I recently purchased a wheel loader for plowing my private drive. My driveway is 2k feet long, double wide with a 75' x 120' turning - parking area. Years past I have always used a yard truck to clear snow so setting up and using a articulating loader is all new to me and that's why I'm here!.
My loader is a mid 70's Trojan 1700. It's powered by a Detroit 453 and weighs in at 21k lbs. This machine is in remarkably good condition. All tires have good tread and the fronts are loaded. The bucket is a factory 4 in 1 but it has been rebuilt and welded shut. However it does have 3 levers and aux hydraulic lines. I also have a set of new chains for the front tires if required. 
Currently I'm in the market for a used manual plow. I still have to service the loader so a power angle is not in the budget for this year. What is in the budget is a 10' highway plow like the one in the pic below. I do have concerns about a directional plow that you can change the angle and how effective it will be for plowing in my parking area? Any input about my loader set up or tips- tricks for plowing with a wheel loader would be greatly appreciated!


----------



## Hydromaster (Jun 11, 2018)

Missing a lug nut


----------



## Jgar (Jul 27, 2021)

Wow, now that's an eye for detail and you are correct. Long ago that wheel must of loosened up (pre blue paint) because a few of the studs for that wheel have double lug nuts. That stud is damaged an will not accept a lug nut.


----------



## SHAWZER (Feb 29, 2012)

After you operate the Loader a few times with the better visibility , articulating steering and the pleasant growl from the Detroit , you will never want to plow with a truck again .


----------



## Ajlawn1 (Aug 20, 2009)

You didn't happen to buy that from the Finger Lakes area did ya...


----------



## Jgar (Jul 27, 2021)

SHAWZER said:


> After you operate the Loader a few times with the better visibility , articulating steering and the pleasant growl from the Detroit , you will never want to plow with a truck again .

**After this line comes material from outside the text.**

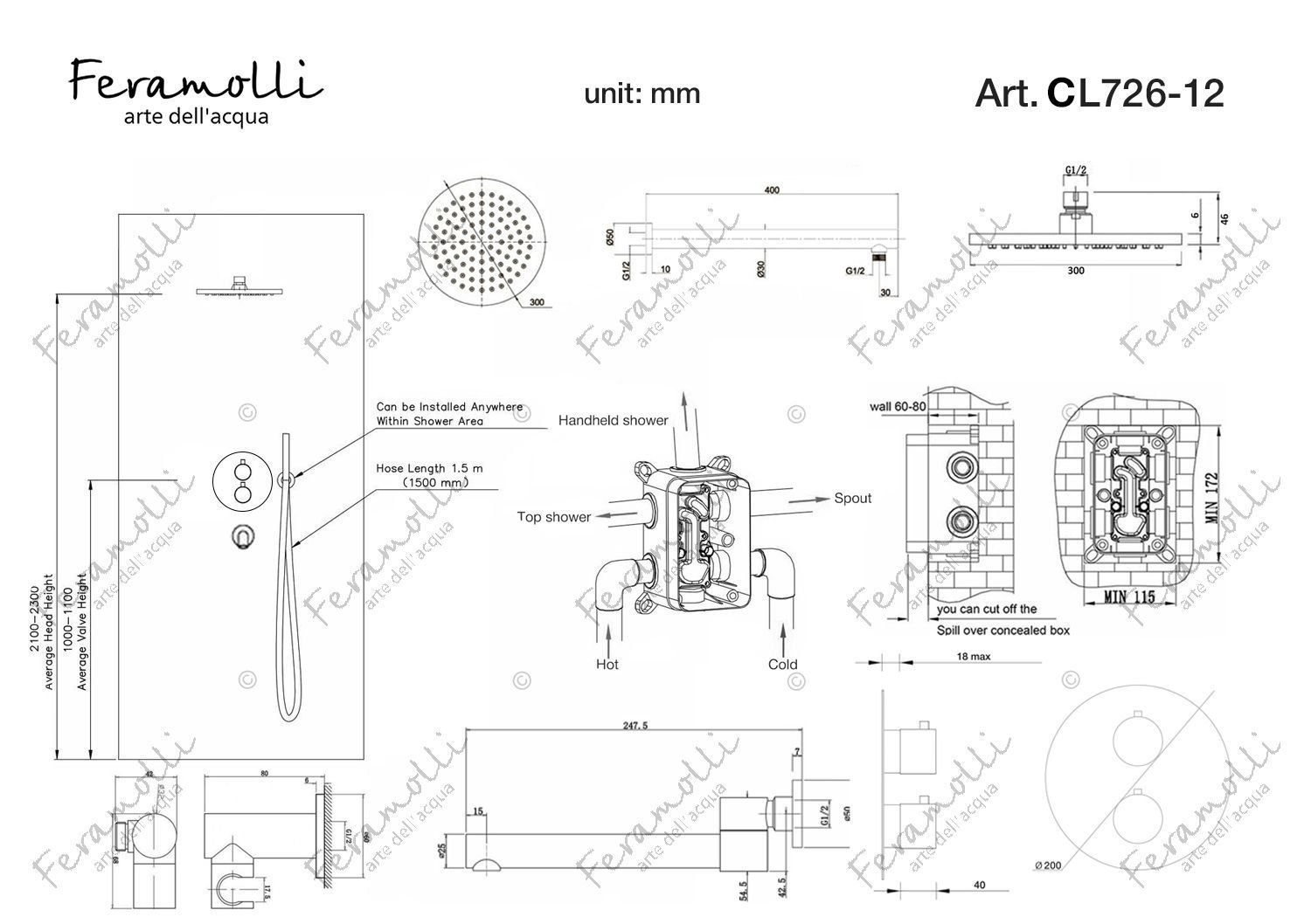 3 in 1 thermostatic shower kit Feramolli CL726-12 (Shower head: 300 mm)

I've used it to do some driveway maintenance and get a few hours practice. This machine is going to be a game changer. My equipment experience is limited to TLBs and I was totally taken back by how a such a bigger machine is so much more maneuverable! With the Dretroit ear plugs and ear muffs are required.


----------



## Jgar (Jul 27, 2021)

Ajlawn1 said:


> You didn't happen to buy that from the Finger Lakes area did ya...


Nope, it came from southern New Hampshire. It was previously owned by a local oil company and they took very care of it.


----------



## DavCut (Jan 30, 2009)

Not sure how far it is for you or what your budget is but here is an option from CL in Providence:

https://providence.craigslist.org/for/d/kingston-11-viking-plow/7353042463.html
Lots of snow has been moved from parking areas with just a bucket or a one-way plow. A power angle is just quicker and provides more options on where to place the snow.

Have fun with the project and be sure to post more photos.


----------